DME in patients usually takes years to manifest, although comparatively short-term diabetes in rodents has been used as a model system to study retinal vasopermeability and BRB compromise as retinopathy progresses (25). For the current study, the BN rat model was chosen because this strain demonstrates a robust and sustained breakdown of the BRB when rendered diabetic, a response that is clear after 4 wk and beyond (20). Evan’s blue extraction allowed quantitative measure of BRB damage in this model, whereas immunohistochemistry demonstrated the focal nature of vasopermeability in the diabetic BN rats, which is related to endothelial dysfunction. Darapladib is a selective inhibitor of Lp-PLA2 with demonstrable efficacy against atherogenesis in preclinical models (15). In diabetic and hypercholesterolemic pigs, darapladib prevents leakage of circulating IgG into the brain parenchyma, suggesting a protective effect of BBB function (17) while some pyrimidone derivatives have been shown to inhibit Lp-PLA2 activity and reduce morphological changes to retinal layers in diabetic rats (26). However, the consequence or mechanism of Lp-PLA2 inhibition on retinal vascular permeability has not yet been investigated. The data presented herein show amelioration of a similar BRB dysfunction in diabetic rats by using the darapladib analog SB435495 and supports the modulatory role of Lp-PLA2 in retinal vasopermeability.
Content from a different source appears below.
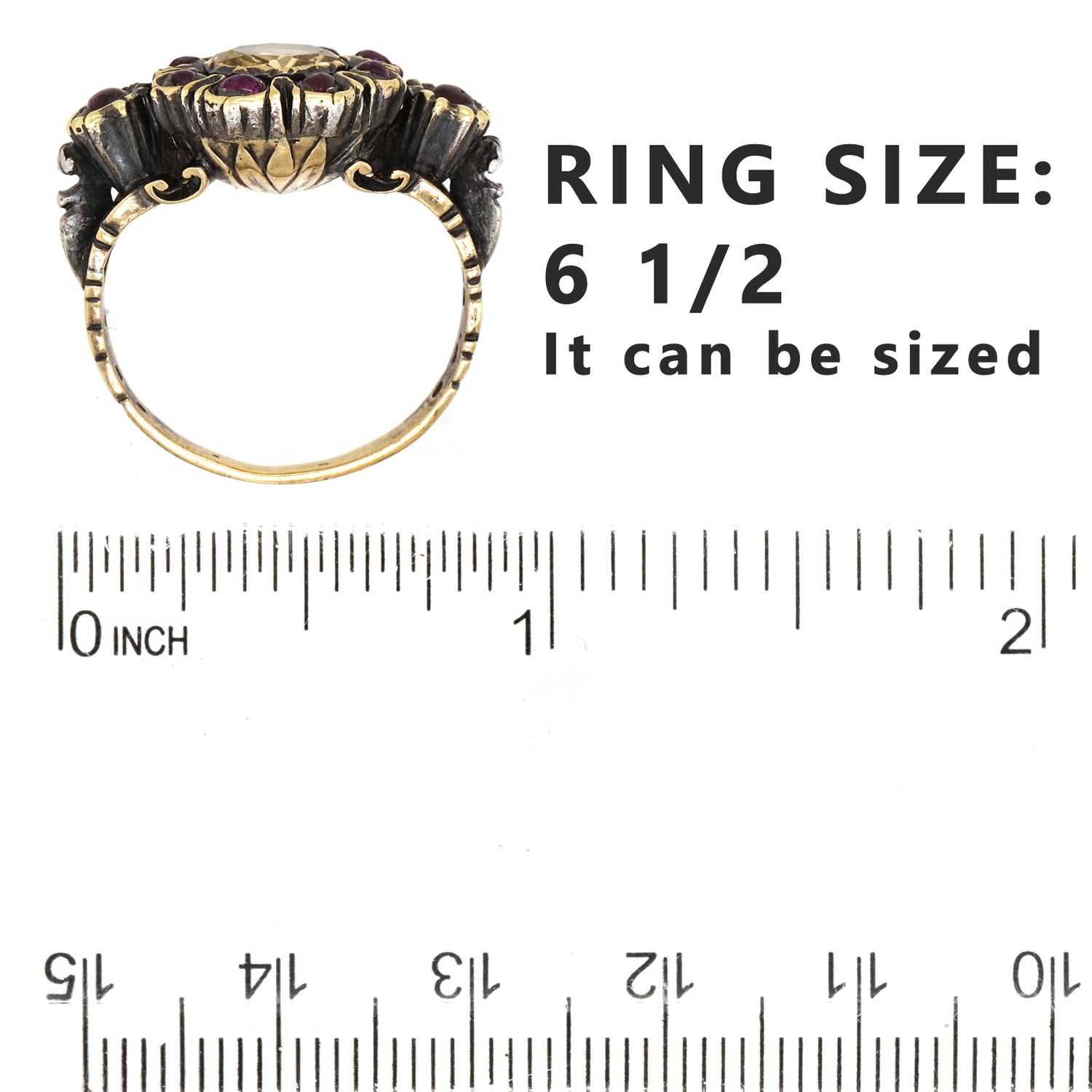 Ring Size: 6 1/2, it can be sized.

Additional data generated in Lp-PLA2-suppressed rabbits indicated that the lipase did not affect the vasopermeability pathway directly, at least not that induced by VEGF (Fig. S4 and Table S1). Thus, it is likely that Lp-PLA2 affected retinal vasopermeability in diabetes through its plasma oxLDL reaction product, LPC.
Table S1.
Rabbit plasma exposure of SB568859 and plasma Lp-PLA2 activity at days 4, 5, and 6 and following administration of 3–30 mg⋅kg−1⋅d−1 SB568859 by oral gavage
| Group (n = 6–8) | Day 4 | Day 5 | Day 6 | |||
| PK, ng/mL* | Lp-PLA2 activity† | PK, ng/mL* | Lp-PLA2 activity† | PK, ng/mL* | Lp-PLA2 activity† | |
| Vehicle PO BID‡ | BLQ | 20.78 ± 0.57 | BLQ | 18.90 ± 0.43 | BLQ | 20.40 ± 0.72 |
| SB568859 3 mg/kg PO BID | 31.21 ± 3.84 | 13.95 ± 0.95 | 27.85 ± 1.71 | 13.28 ± 0.46 | 34.87 ± 3.62 | 12.24 ± 1.33‡ |
| SB568859 10 mg/kg PO BID | 48.93 ± 1.88 | 6.01 ± 0.62 | 47.76 ± 3.32 | 5.61 ± 0.39‡ | 47.55 ± 2.25 | 3.71 ± 0.41 |
| SB568859 30 mg/kg PO BID | 69.79 ± 7.27 | 3.01 ± 0.36‡ | 59.60 ± 5.72 | 2.59 ± 0.27‡ | 68.10 ± 5.94 | 1.58 ± 0.19 |
| Kenacort IVT | — | — | — | — | BLQ | 21.65 ± 0.72 |
Male HY79b-pigmented rabbits were treated with SB568859 administered by mouth, at 0 (vehicle alone, n = 6), 3 (n = 6), 10 (n = 8), and 30 mg/kg, respectively, (n = 8) at each dose, once on day 1, twice (8 AM and 4 PM) on days 2–5, and once on day 6. Blood samples were collected on day 4 and day 5 (before the scheduled SB568859 dosing, equivalent to Ctrough), and on day 6 (∼2–3 h after the day 6 SB568859 dosing) for determination of SB568859 concentration and Lp-PLA2 enzyme activity. Plasma was prepared by centrifugation at 13,000 x g and stored at −80 °C. SB568859 concentration was measured following protein precipitation by HPLC/MS/MS analysis. Lp-PLA2 activity was evaluated by determining the enzyme-catalyzed release of [3H-] acetate from 1-O-hexadecyl-2-O-[3H-]acetyl-sn-glycer-3-phophorylcholine. BLQ, below level of quantitation; PO BID, by mouth, twice a day.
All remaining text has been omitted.